If $a + b + c = 4$, $ab + bc + ca = 6$ and $abc = 3$, then
$$\frac {1}{a} +\frac{1}{b} + \frac{1}{c} = \frac {(bc + ac +ab)}{ abc}= \frac {6}{3} = 2.$$
Also $$\frac{1}{ab} + \frac{1}{bc} + \frac{1}{ca}=\frac{( c + a + b )}{abc}= \frac{4}{3}.$$
In the image below, each side of the coloured squares has been assigned the lengths, and the area of each rectangle is written inside the rectangle. The total area of the diagram is the sum of these areas, and is equivalent to $(a+b+c)^2$ showing that this expands to: $a^2 + b^2 + c^2 + 2ab + 2ac + 2bc$.
Squaring both sides of the first equation gives $(a+b+c)^2 = 16$. Multiplying each side of the second equation by 2 gives $2ab + 2ac + 2bc = 12$ . Subtracting these last two equations leaves the sum of the squares so we have $a^2 + b^2 + c^2 = 4$.
Now think of a cube where each face is cut up in a similar way
splitting the cube into 27 smaller cuboids. The volume of the cube
is $(a + b + c)^3$ . We get the formula for the expansion by adding
27 volumes as shown in the diagrams above and in the table.

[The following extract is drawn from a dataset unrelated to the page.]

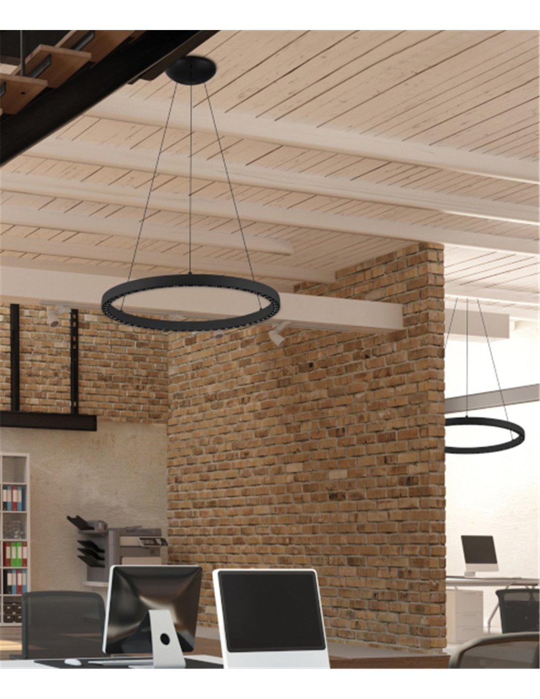 Sobre lámpara colgante Riumar de Mantra; diseño circular disponible en 3 colores, LED 3000K, 2 tamaños, altura ajustable

The cube has been split into 3 diagrams. The first is the top
layer of the cube, with depth a, so the volumes of each of the
cuboids is the area of the rectangle multiplied by a. The same is
done for the layers below of depth b and c, so the total of the
volumes of the cuboids is equivalent to $(a+b+c)^3$. The expression
labelling each cuboid is the volume of that cuboid.

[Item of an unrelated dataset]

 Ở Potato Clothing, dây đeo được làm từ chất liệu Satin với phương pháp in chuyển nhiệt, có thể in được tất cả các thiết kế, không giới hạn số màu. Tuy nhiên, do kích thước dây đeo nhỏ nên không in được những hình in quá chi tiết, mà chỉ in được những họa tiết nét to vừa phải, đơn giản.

Top Layer  $a^2$  $ 2a^2b$  $2a^2c$  $ab^2$  $ac^2$  $2abc$  

Middle Layer  $b^3$  $ a^2b$  $2ab^2$  $2bc^2  $bc^2$  $2abc$  
Bottom Layer  $c^3$  $a^2c$  $2ac^2$  $b^2c$  $2bc^2$  $2abc$ 
Adding the volumes we get
$(a+b+c)^3 = a^3 + b^3 + c^3+ 3a^2b+3a^2c+3ab^2+3ac^2 +3b^2c+3bc^2+6abc$.